What to Expect
When you contact our office, you will be scheduled for a 30-minute, face-to-face screening appointment. This is a specific time reserved for you. At the end of the session, appropriate options will be reviewed with you. These could include an appointment at the Counseling Center for an intake and/or a referral to other resources in the community that can help you address your concerns. The counselor who screens you is not always the counselor who continues to see you; we will match you with an appropriate provider based on your needs. The Counseling Center offers short-term counseling. Undergraduates do not have a limit to the number of times they can come to counseling, due to the payment of a Wellness fee. Graduate students do not pay this fee and therefore are limited to 5 sessions a year after screening.
The following are some frequently asked questions about the counseling process. The information listed below should quell some of your concerns and answer some of your questions about counseling. Please feel free to call or stop by the Counseling Center. Along with providing counseling, we are available to answer questions, provide information and resources about mental health issues, discuss careers in the field of counseling or just chat.
- With what types of problems do counselors help students?

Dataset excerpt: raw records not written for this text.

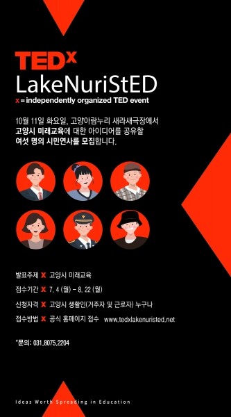 TED의 라이선스를 받아 독립적으로 조직된 이번 행사에서 ‘고양시 미래교육’을 주제로 학생 및 시민학습자, 교·강사 등 고양시의 다양한 교육 주체들이 시민연사와 초청연사로 참여해 발표할 예정이다.
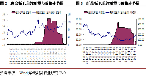 兩板自今年4月開始注冊倉單以來,倉單注冊進展一直成為市場關注和炒作的焦點。通過下圖我們可以發現,倉單注冊量的變動與期價具有較為明顯的反向關係,倉單量的高點基本對應期價的階段性低點。隨著7月倉單集中注銷,兩板期價也再度反彈走高。目前近月主力合約bb1409合約已攀升至150上方,fb1409也震盪反彈至四個月高位,圍繞倉單因素的博弈令多空雙方遲遲不愿移倉,一方面若價格持續高位,將吸引賣方參與交割;另一方面,隨著時間推移,保證金上調壓力或將逼迫資金移倉,價格走高勢頭或難以持續,關注新倉單注冊進展。
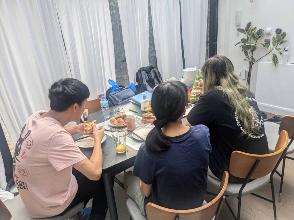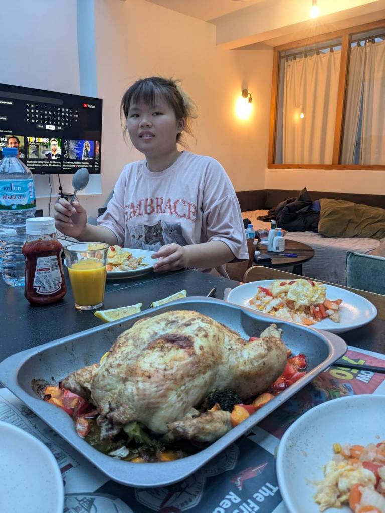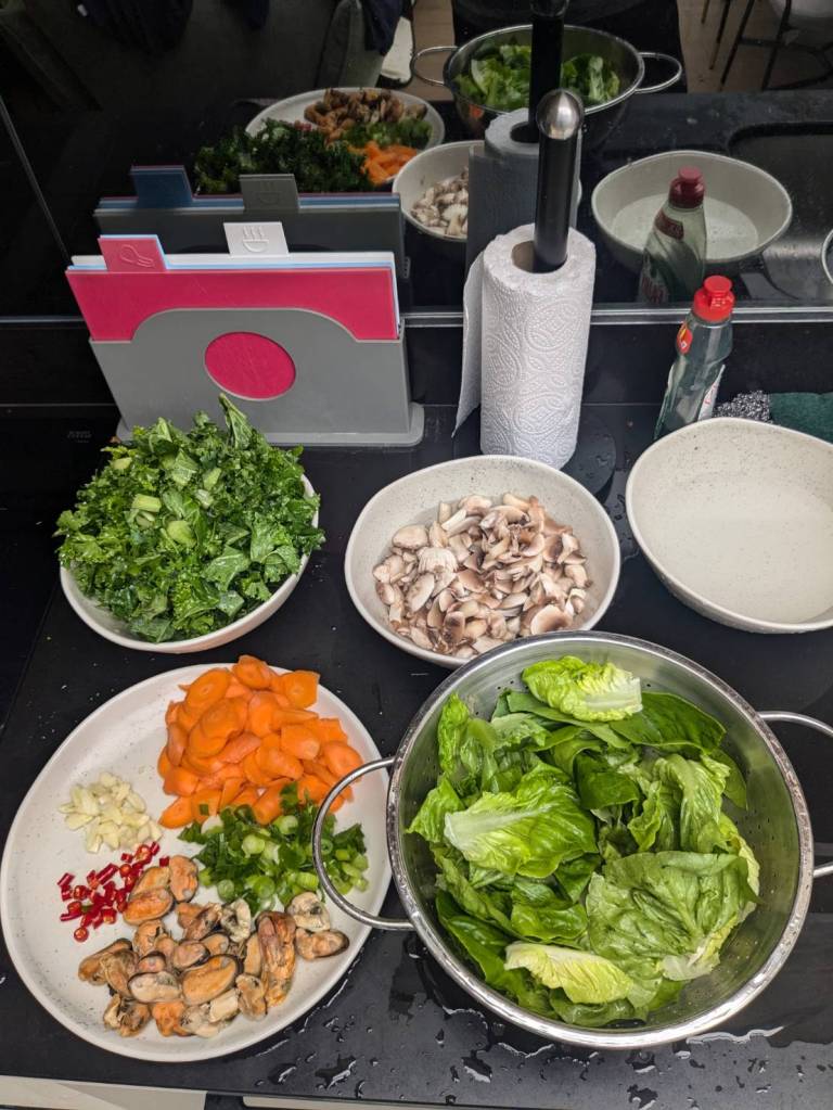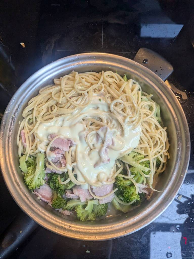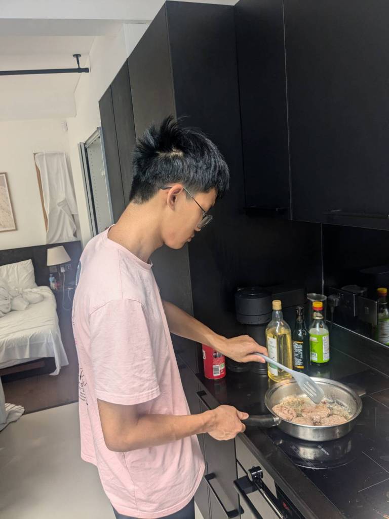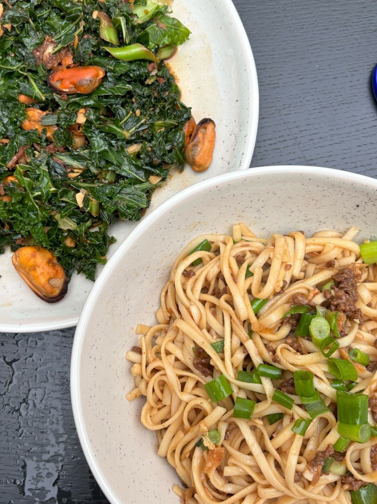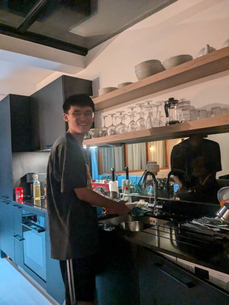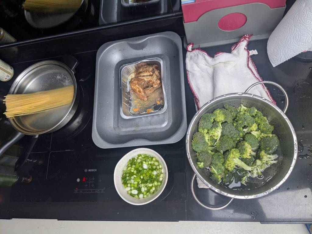 晚上9點回到家,輪到古妹主廚,主菜是青醬義大利麵,我又煮了吃剩的海帶芽湯加豆腐,Amber則料理了一大碗的蒸蛋,又一週的課程結束了。

Students come to the Counseling Center with a range of problems. Many have issues related to normal development such as identity or relationship issues. Others are dealing with more specific psychological issues such as depression, anxiety, post-traumatic stress, eating disorders, bereavement or substance abuse. Some students are not sure what the problem is. They just know they are having a hard time studying, sleeping or having fun. A counselor can help determine the nature of the underlying problem and empower the student to resolve the disturbance.
- What training do the counselors on staff have?
Each of the staff counselors is trained with at least a Master's degree in counseling or social work, is certified nationally by the respective certification board and is either licensed or license-eligible in the state of Connecticut. The Counseling Center also serves as a training site for area colleges and universities and uses interns as counselors-in-training under close supervision. We are experienced in working with your medical doctor, psychiatrists or therapist from home, should the need occur.
- Can your staff prescribe medication?
No, medication can only be prescribed by a psychiatric nurse (APRN) and other medical personnel. Sacred Heart University does provide a psychiatric nurse (APRN) for full-time undergraduate students. In order to meet with the psychiatric nurse (APRN), the student must first set up an appointment with a staff counselor for evaluation.
- Do the counselors specialize in any specific problems or treatments?
Every counselor at the Counseling Center is trained and experienced in dealing with issues related to mental health, personal development and relationship issues. Of note, Janice Kessler has received specialized training in alcohol and drug addiction and that is the issue she works with. Janice does not see general counseling clients.
- How will counseling help me?
The staff at the Counseling Center perceives students' problems and issues as developmental glitches and not mental illness, per se. There are several different forms of counseling. The counselor will practice the form that is best for you and your problem. You do have a right to know about the process, objectives, goals and expected outcome. It is both your right and your responsibility to understand the counseling process fully and to receive a clear and comprehensive explanation. Our staff also perceives counseling as one aspect of holistic well-being. If you exercise, eat right and get frequent checkups for physical health, why not seek counseling as a way to nurture your emotional/psychological health as well? We do want to stress that personal counseling involves a commitment. We encourage you to keep all appointments scheduled with your counselor. If you cannot make your appointment, please call the Counseling Center at 203-371-7955. Other students may be waiting for an appointment and your time slot may be used productively.
- What if I want a second opinion or I don't "fit" with my counselor?
You are entitled to see another counselor within the Counseling Center or to receive information about counseling resources outside of the university. If, for example, you wish to see a counselor of a specific gender, we will try our best to accommodate your wishes.
- How long will the counseling process take?
Each session lasts about 45 minutes. The number of sessions depends on the individual's needs. Most students are seen for six to eight sessions. Some need but one visit. Others come every week for several years. Every case is different, and you are free to terminate counseling whenever you wish.
- What if a parent, faculty member or staff is concerned about a student?
Counselors are available during business hours to consult about a student and provide information and helping strategies. However, we prefer that the students seek counseling voluntarily and, therefore, the counseling staff avoids contacting students directly. If a student is in danger, appropriate law enforcement and/or emergency medical personnel should be contacted.
- Can a third party, such as a parent, be kept informed of student’s progress in counseling?
It is both illegal and unethical for any counselor to disclose any information about the existence of a counseling relationship or the nature of the counseling process. No information can be released without the informed and written consent of the student. As noted in the Confidentiality Statement, confidentiality can be breached if a student is in danger of fatally hurting himself or another person or if he/she has a communicable disease and has not previously self-disclosed the nature and existence of that disease. Confidentiality may also be breached if the client reports current child abuse.